The unwanted reentrancy I described above is typically less fatal than a total corruption and in practice you tend to get pretty good results if you use some care.  There are more subtle kinds of reentrancy and other safeguards soft-mode debuggers require, in some sense, the case I describe was an “easy” one. To avoid the bigger disasters, soft-mode debuggers place significant limitations on what they will debug.  For instance, you cannot use Visual Studio in mixed mode to break in the VM itself, it’s “out of bounds”.

Contrariwise native-only mode (“hard-mode”) has no such limits.  It’s normal/natural to debug the VM like that. Hard-mode is impervious to reentrancy issues.

The trouble is if you naively combine hard- and soft-modes in a joint hardness (mixed mode) you have dragged the “native-only” half into the world of soft-mode.  Allow me to illustrate.

The user starts the mixed debugger, uses the hard-mode features to set a breakpoint somewhere in the method dispatch code of the managed VM.  The debugger dutifully stops the VM when that breakpoint is hit.  Now the user tries to evaluate a managed expression… this has no hope of working, the VM is not in a consistent state and cannot be asked to do work.   Most places in the VM are not safe stopping points.

OK so you might say, “You can’t debug the VM itself, that’s fair” but that isn’t the extent of the damage.  Suppose we instead set a native breakpoint in the system memory allocator.   Any attempt to evaluate managed expressions while the allocator is in an interim state are likely to result in a corrupt system.

All right, so not system methods, and not the VM.  What about if I set a breakpoint in some other native library that isn’t a crucial system resource? I still can fail because even if dispatching the managed expression succeeds that code could call, via interop, any native method at all, including ones related to the system I am trying to debug, so that system, whatever it is, is now faced with reentrancy issues.  Effectively I’ve injected soft-mode problems into my hard-mode debugger because the soft-mode features have “contaminated” the hard-mode approach.

The trouble is that the managed expressions you might most want to evaluate are likely to be precisely the ones that involve the use of the interop features that access the native code you are trying to debug.

There are other cases that are worth mentioning. You might say, “well people shouldn’t set breakpoints in weird places like that and expect their methods to work, it’s unreasonable.”  But, tragically, the effective stopping point is often not directly chosen by the user.

Let me give another example:  I observe some strangeness in one of my finalizer methods.  I wish to investigate, so I set a breakpoint in the middle of my finalizer.  Shortly afterwards the debugger stops my program having never hit my breakpoint.  I inspect the stack and I find that I am in the context of a thrown exception that originated in the memory manager which has thrown due to an invalid de-allocation request in a destructor my finalizer called via interop.  Now, since an allocation is in flight the allocator’s internal data structures happen to not be consistent at this point -- I now attempt to evaluate a managed expression to look at state associated with my finalizer but I’m back to the same problem I had before – I can’t because the allocator is out of commission.
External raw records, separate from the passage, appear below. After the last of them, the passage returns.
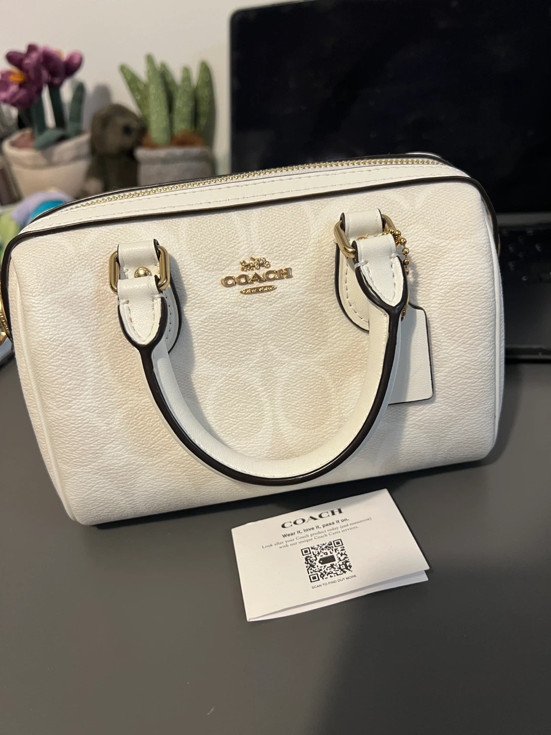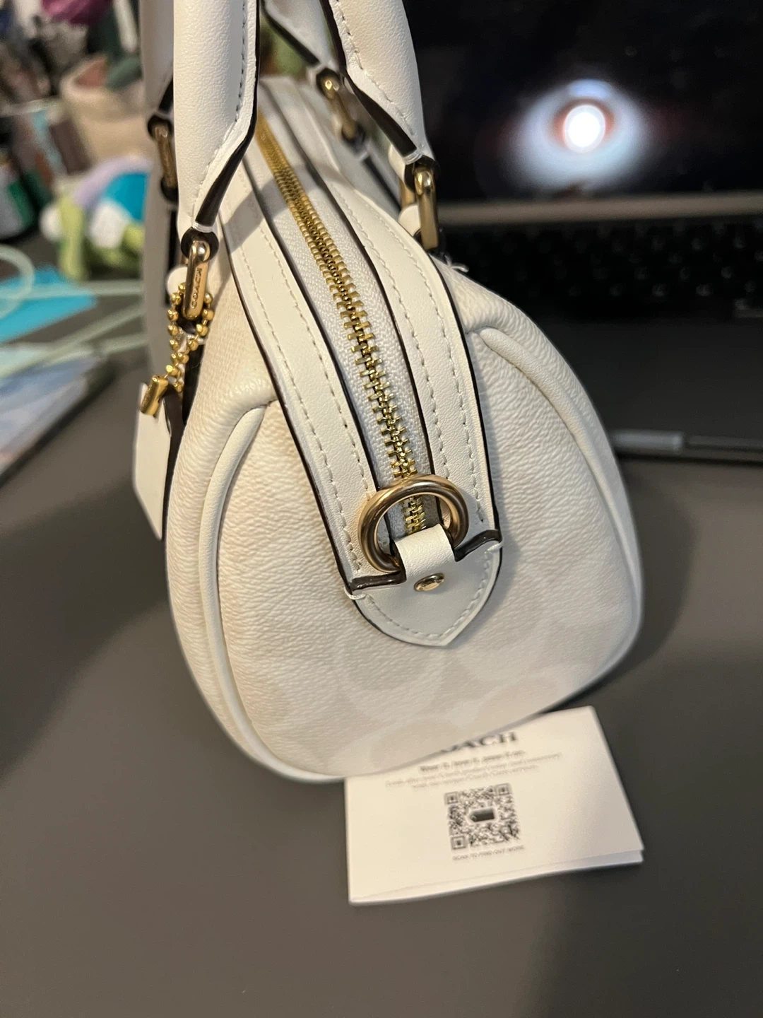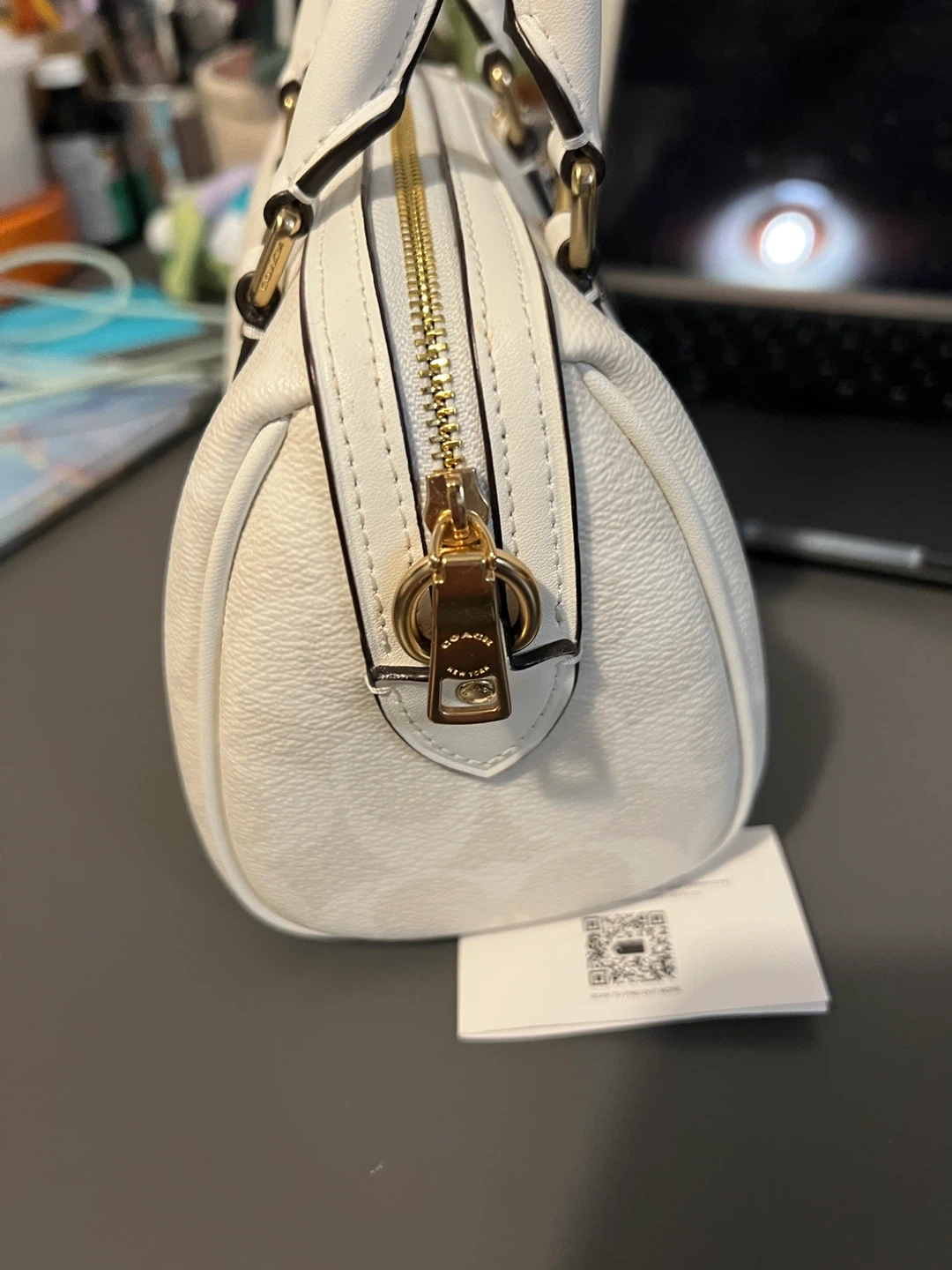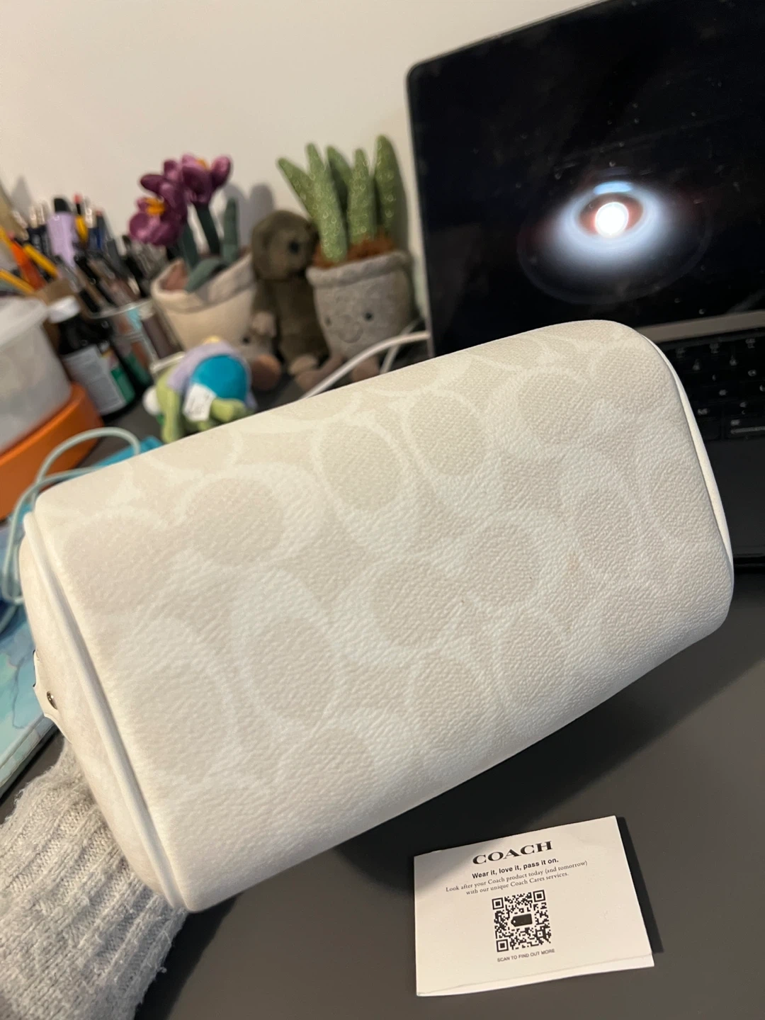 Selling a Coach handbag in excellent condition! It's a beautiful white colour and made of leather. Perfect for everyday use or a special occasion. The bag has a gold zipper. It’s in great shape and ready for a new home
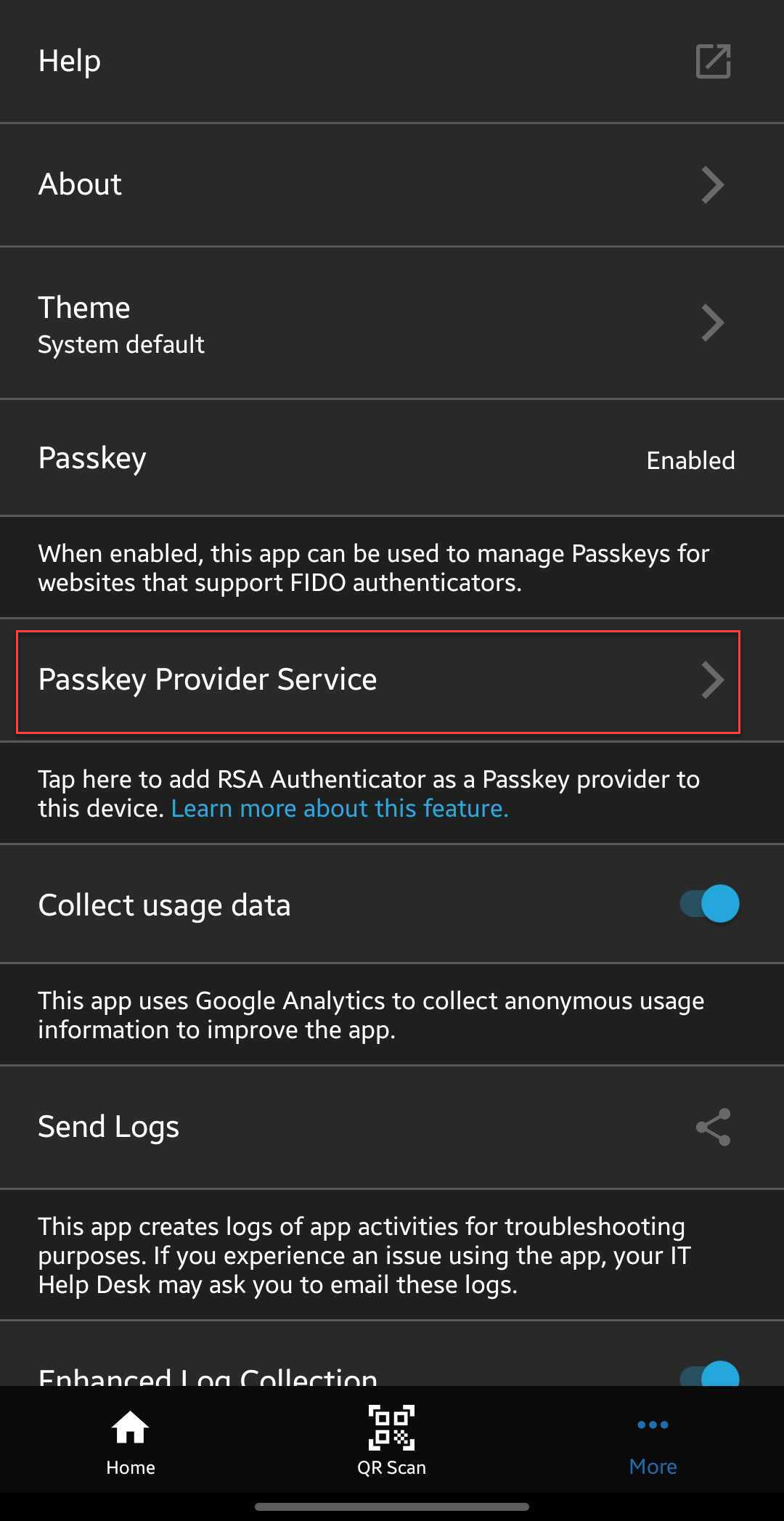 Alternatively, you can install the RSA Authenticator 4.5 app and tap the More option to check whether the passkey provider service is available or not.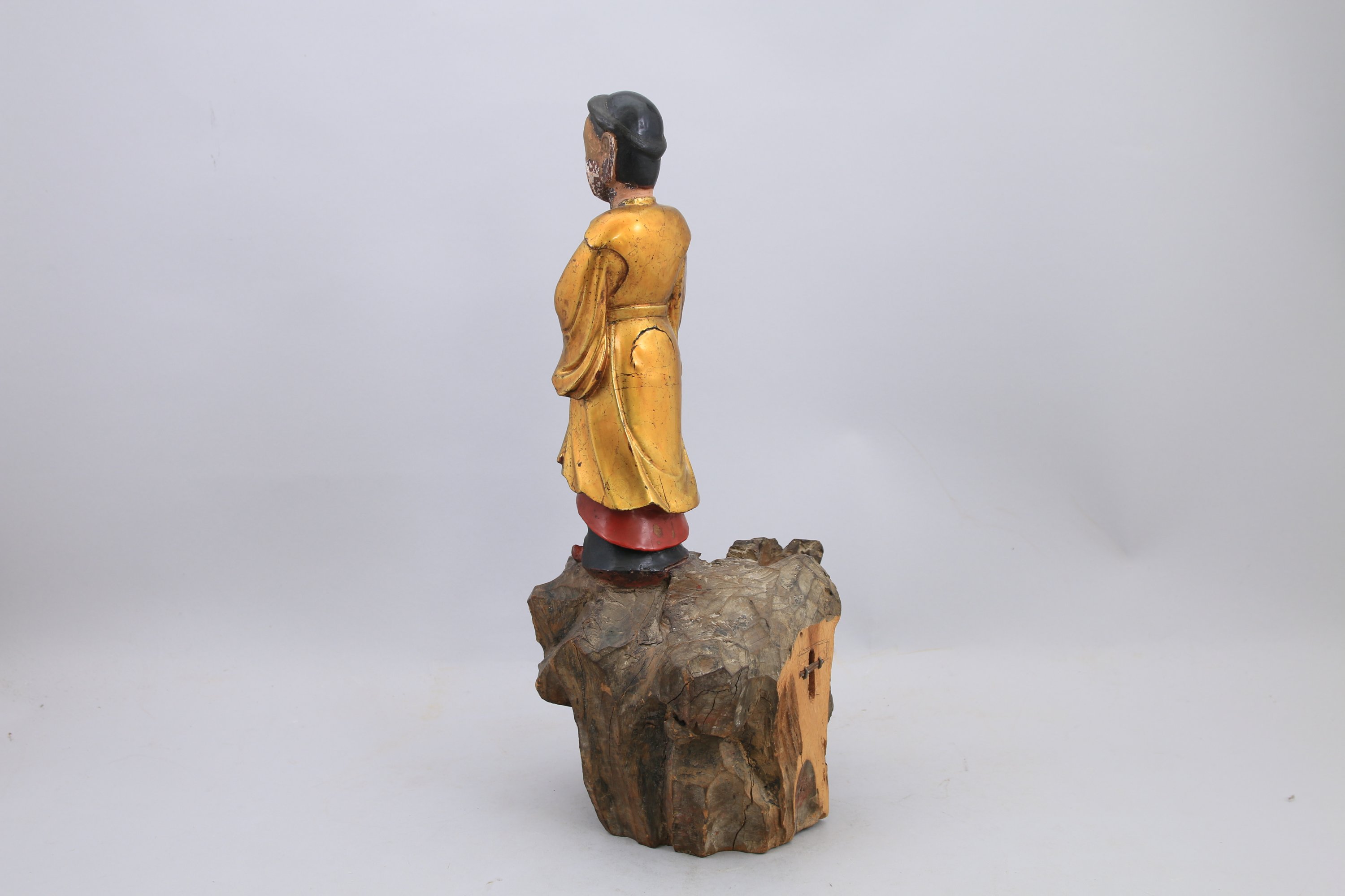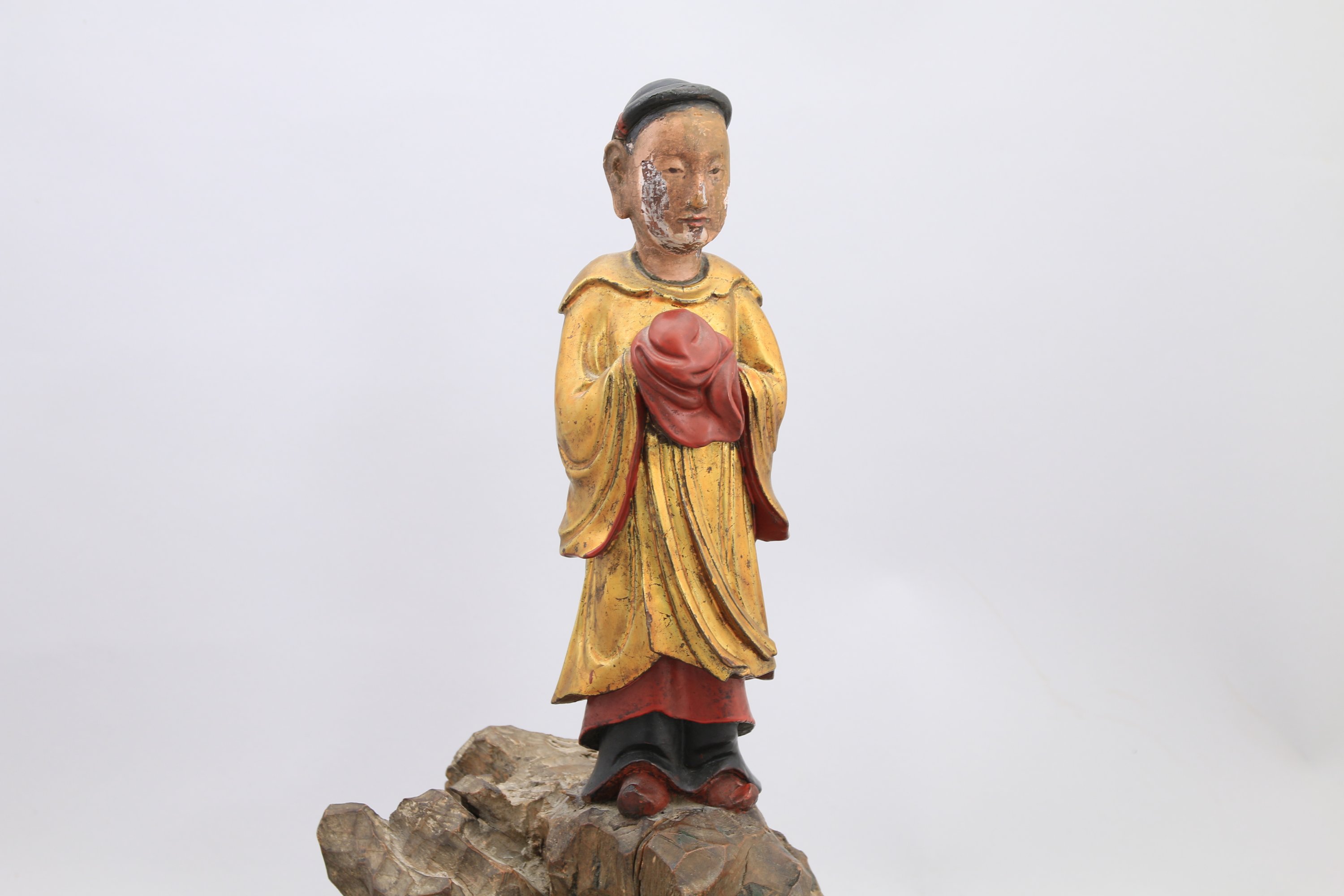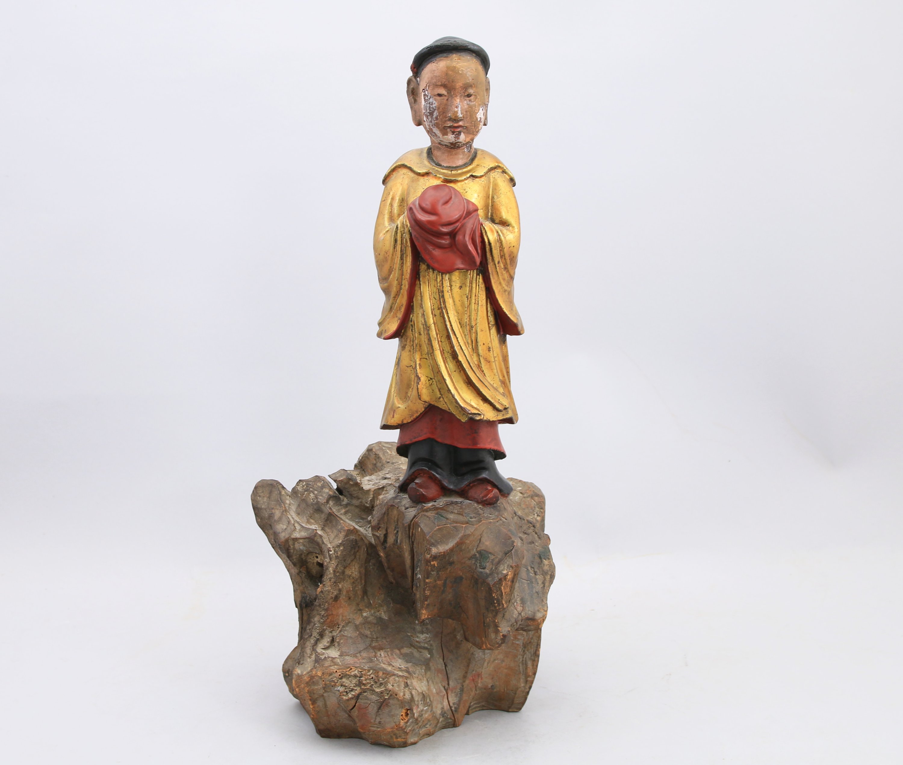 Attendant debout sur un rocher, ses robes flottant, tenant une offrande dans un tissu entre ses mains jointes.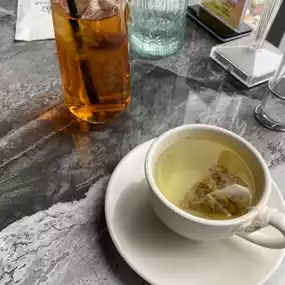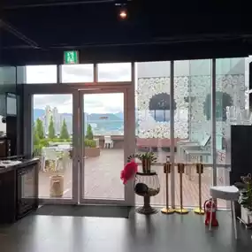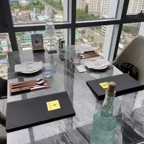 The interior is beautiful, and the table and cutlery complement each other perfectly. The large windows add to the ambiance.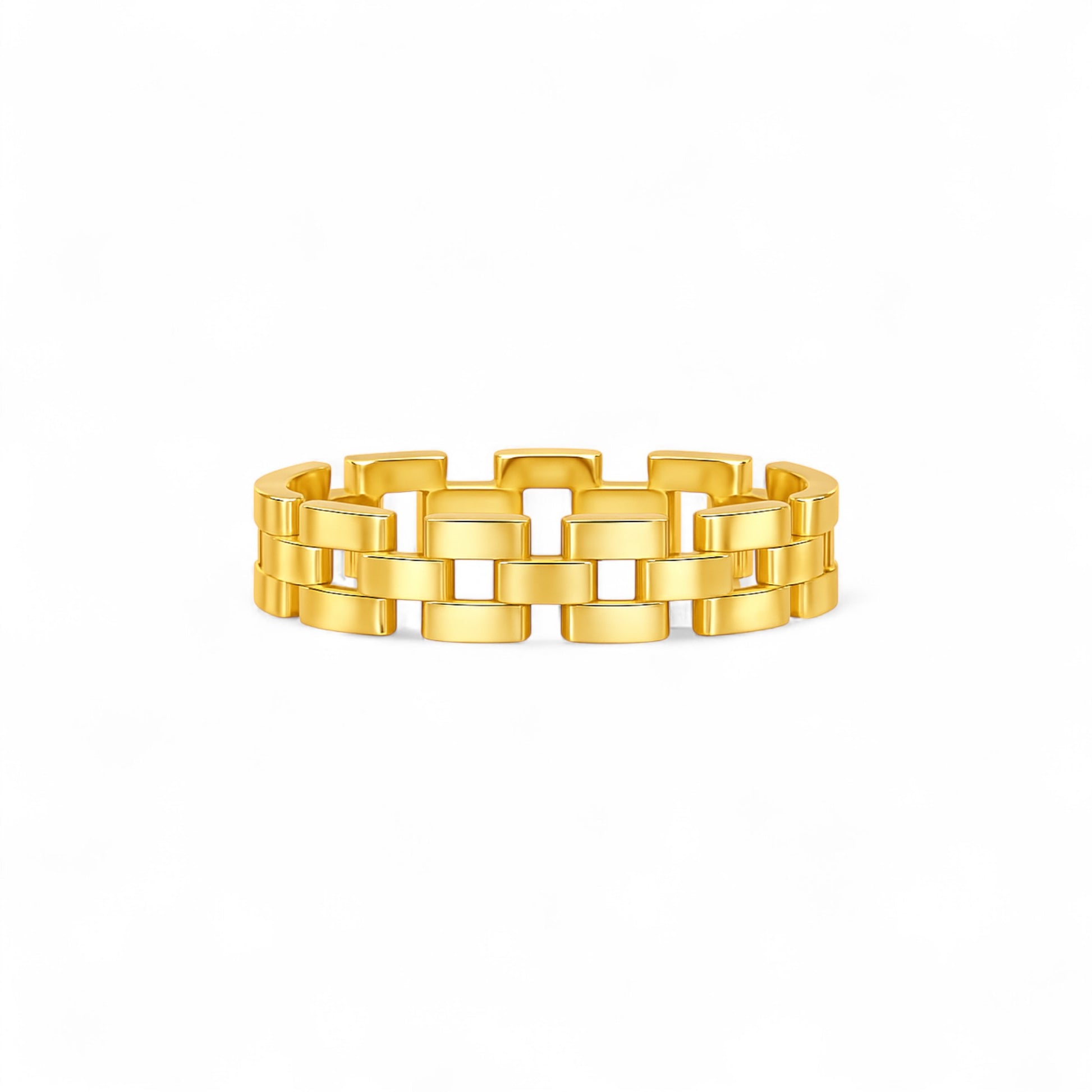 Its sculptural silhouette adds texture and character, making it the perfect statement piece for those who appreciate modern minimalism with a touch of attitude. Whether worn alone or layered, the Link Band is a powerful symbol of strength, unity, and style.

Things only get worse in a system that supports multi-threading.  Reentrancy issues can and do create deadlocks in addition to corruption. A normally impossible deadly embrace can be completed by a debugger induced resource grab.

In practice, a composite debugger system faces daunting challenges to keep working robustly in a wide variety of circumstances; limiting damage due to unexpected reentrancy is perhaps the biggest problem.